Presentation: Generative artificial intelligence is transforming how machines learn and interact with humans — but it is also fundamentally reshaping the meaning of privacy. Traditionally, privacy concerns focused on protecting explicitly shared personal data such as names, locations, or medical records. In contrast, modern generative models can infer sensitive information that was never directly disclosed by combining patterns across text, images, and other data modalities. As a result, classical safeguards such as anonymization and consent are no longer sufficient. This talk explores why privacy has become more urgent in the age of generative AI and how the notion of privacy itself must be redefined. We begin with intuitive examples of explicit and implicit privacy leakage, highlighting the role of inference and cross-modal reasoning. We then introduce principled ways of defining privacy and briefly survey technical approaches for designing privacy into AI systems, including differential privacy, secure computation, and federated learning. We conclude by discussing unavoidable privacy–utility tradeoffs and highlighting application domains — such as healthcare, mobility, education, and personalized AI — where privacy-preserving AI is essential for trust, adoption, and societal benefit.
Speaker’s Biography: Ravi Tandon is a Professor in the Department of ECE at the University of Arizona, where he holds a Craig M. Berge Faculty Fellowship and a courtesy appointment in Applied Mathematics. He received the Ph.D. degree in ECE from the University of Maryland, College Park in 2010 and B.Tech. degree in Electrical Engineering from IIT Kanpur in 2004. He was a post-doctoral research associate at Princeton University from 2010-2012. Dr Tandon is a recipient of a NSF CAREER Award, the Keysight Early Career Professor Award, and a Best Paper Award at IEEE Globecom conference.
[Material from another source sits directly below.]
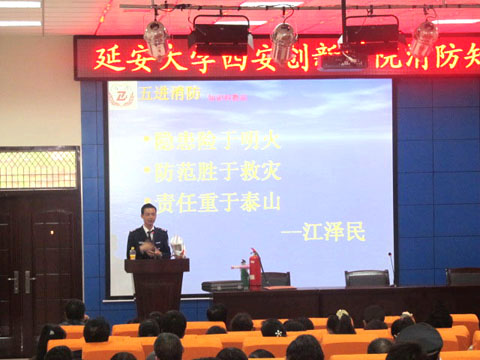 本次活动邀请西安市武警消防知识科教站陈彦飞教官主讲。陈教官采用多媒体教学的方法,从具体案例入手,深入浅出的介绍了高校火灾易发的特点、灭火常识、灭火器的使用、逃生自救方法等基本内容,现场示范了消防器材的使用方法和操作步骤。培训结束后,对参加培训的师生现场进行了笔试,测试了大家对消防知识的掌握情况,同时通过调查问卷的方式了解了大家对消防安全的认知程度。

His current research interests are in trustworthy AI and machine learning, with a specific focus on privacy, security, and the design of principled, reliable learning systems
RCoE event invitations and information are encouraged to be shared widely across campus. While certain activities will extend participation to graduate students, AI RCoE activities aim to convene post-graduate researchers at the University of Arizona. In the case an event reaches maximum participation, preference for participation will be given to U of A faculty and researchers.